For $k = 2017$ we have a list of $2017$ consecutive composite integers. That is, $(2018)! + j$ where $(2 \leq j \leq 2018)$ is a list of $2017$ consecutive composite integers.

Actually, this is a well known theorem that shows there are arbitrarily large gaps between any two primes.

jhgkhjlkjlkjbhgv $LaTeX$

We are looking for a number p=2018!+n. Since this can be written as (2018!/n + 1)*n and we know that with the given conditions, 2018!/n must be integer, the resulting p cannot be a prime number (because we just wrote it as product of two integers, none of which were 1).

i guessed

well if a = b then c = b then why am i doig this is this enough smart to post thanks $LaTeX$ mm latex $\frac{12}{2019!}$

If I divide the 3 members of the inequality by 2018! (inequality does not change direction by dividing by a positive number) I get that there has to be a prime number divided by 2018! between 3 and 2019. That prime number would have to be greater than the right-hand side of the original inequality.

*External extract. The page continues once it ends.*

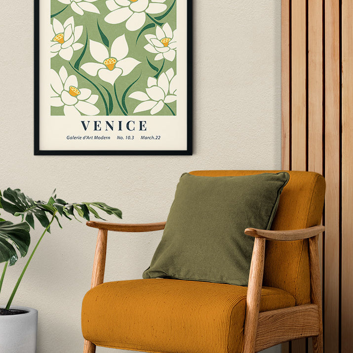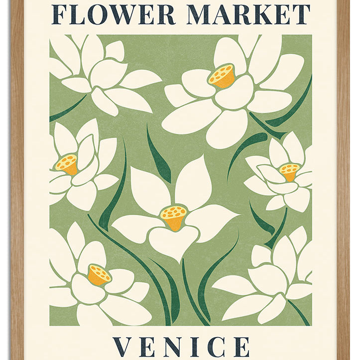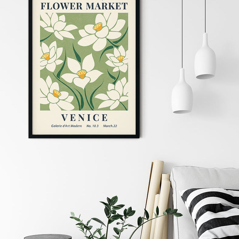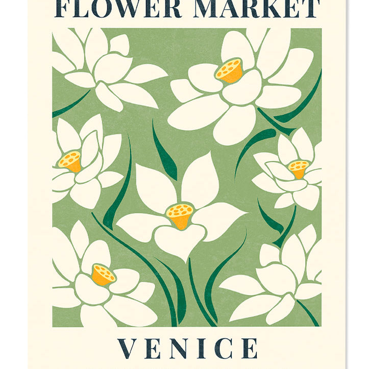 This Venice Flower Market Poster is a beautiful wall art to brighten your home. Green, white and yellow colours, with text at the top and bottom. Printed on to 200gsm matte paper. See the full Flower Market Collection here >

A very clumsy solution but it worked: 2018! is a very very big number. for example, the number of atoms in the observable universe is a billionth of a billionth of billionth...... percent of 2018!. The difference between 2018! + 2 and 2018! + 2018 is 2016, which is a very small gap compared to 2018! And if you look at very big prime numbers, you will realize that they have massive gaps between each other in comparison to 2016. So the probability that a prime number satisfies this is very small.